Israel's near-complete seal on Gaza has left almost the entire population reliant on a trickle of international aid able to enter the territory each day. UN officials say about a quarter of the population now faces starvation.
The US State Department said it was "extremely troubled" by the allegations against the UNRWA staffers and has temporarily paused additional funding for the agency. The US is the biggest donor to the agency, providing it with $340 million in 2022 and several hundred million in 2023. Stéphane Dujarric, spokesman of UN Secretary-General António Guterres, said an "urgent and comprehensive" independent review of the agency would be conducted.

Israeli officials and their allies – including in the US Congress – frequently allege that UNRWA allows anti-Israeli incitement to be taught in its hundreds of schools and that some of its staff collaborate with Hamas. The Trump administration suspended funding to the agency in 2018, but President Joe Biden restored it.

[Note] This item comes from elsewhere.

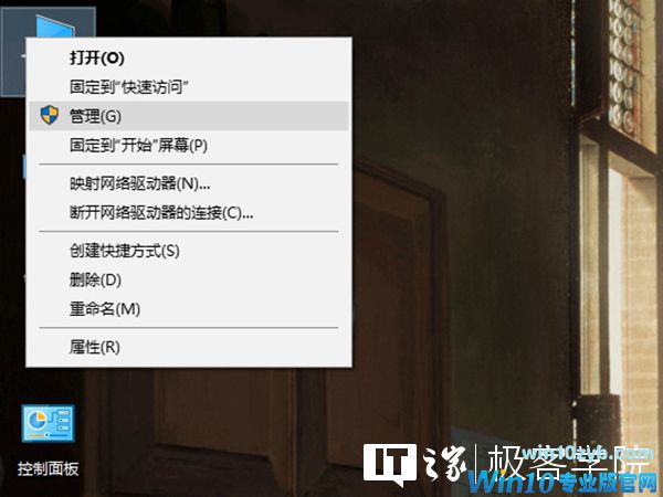 首先,将鼠标光标放在“此电脑”图标上,点击右键,再点击管理。

The agency's supporters say the allegations aim to diminish the long-festering refugee issue. Last week, Lazzarini said he would appoint an independent entity to look into the claims – both "what is true or untrue" and "what is politically motivated." He also said the accusations were hurting the agency's already stretched operations.
Thousands of Palestinians fled the southern Gaza city of Khan Younis on Friday as fighting between Hamas terrorists and Israeli forces intensified. Families were seen traveling on foot down roads, carrying possessions as smoke filled the skies above them.

Also Friday, the Israeli military ordered residents of three Khan Younis neighborhoods and the refugee camp in the city to evacuate to a coastal area. The military said its troops were engaging in close urban combat with Hamas fighters around the city.

The Khan Younis camp, like others in Gaza, was initially settled by Palestinians who fled or were driven from their homes during the 1948 war surrounding Israel's creation and has since been built up into an urbanized district. The leader of Hamas in Gaza, Yehya Sinwar, and the commander of the group's military wing, Mohammed Deif, both grew up in the Khan Younis refugee camp.

In central Gaza, the other main focus of Israel's offensive currently, Israeli airstrikes on the Nuseirat urban refugee camp overnight killed at least 15 people, including a 5-month-old baby, an AP journalist at the hospital where the casualties were taken said.

The intense fighting came as the United Nations' top court ordered Israel to do all it could to prevent death, destruction, and any acts of genocide in Gaza. But the International Court of Justice stopped short Friday of ordering it to end the military offensive. South Africa has accused Israel of genocide in its offensive, and the court dismissed a request by Israel, which rejects the accusation, that the case be thrown out.